This morning, the attention of British investors was fixed on the retail sales report, where the unexpected drop in nominal wage growth and the inflation number surpassing predictions introduced conflicting data points for interpretation. The highly awaited macroeconomic week wrapped up with the Office for National Statistics revealing a significant 3.2% decline in December retail sales, marking the steepest fall since January 2021 and defying economists' expectations of a mere 0.5% contraction. The downturn was widespread, impacting food stores negatively, while department stores and goods retailers expressed concerns about sluggish demand. The year concluded with an annual growth rate of -2.8%, marking the lowest sales figure since 2018.
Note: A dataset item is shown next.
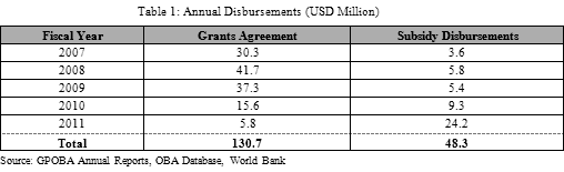 Currently, the OBA scheme that is used most widely under a dedicated program is called GPOBA. GPOBA is a partnership of World Bank and the Department for International Development, United Kingdom, established in 2003. Later, other organizations, such as the International Finance Corporation (IFC), the Dutch Ministry of Foreign Affairs (DGIS), the Australian Agency for International Development (AusAID), and the Swedish International Development Cooperation Agency (Sida) joined the program.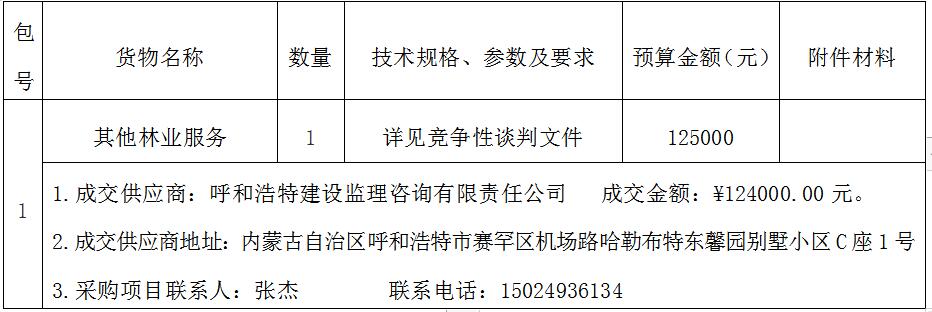 內(nèi)蒙古大青山國(guó)家級(jí)自然保護(hù)區(qū)管理局造林項(xiàng)目監(jiān)理服務(wù)成交結(jié)果公告

The repercussion on the pound is noteworthy. Our foresight regarding both the likelihood of data disappointments this week and the pound's resilience to such data has been validated. Although GBP/USD exhibited a modest reaction to the three macro releases this week, the correlation between sterling and global risk sentiment, along with Federal Reserve pricing, proved more influential than regional data. The data discrepancies, including the unexpected upside in UK CPI, are unlikely to sway the Bank of England decisively in either direction. This elucidates the restrained price dynamics of the currency pair, which remained within a narrow range of 1.8% over the past five weeks, oscillating between $1.26 and $1.2870.
Beyond the US dollar and euro, the pound has demonstrated strength against other currencies, showcasing its resilience amid high inflation and escalating short-term yields. The GBP is anticipated to appreciate for a fourth consecutive week against the Swedish krona, Australian dollar, and Canadian dollar, while also concluding the third successive week on a stronger note against the Japanese yen, Swiss franc, and Norwegian krone.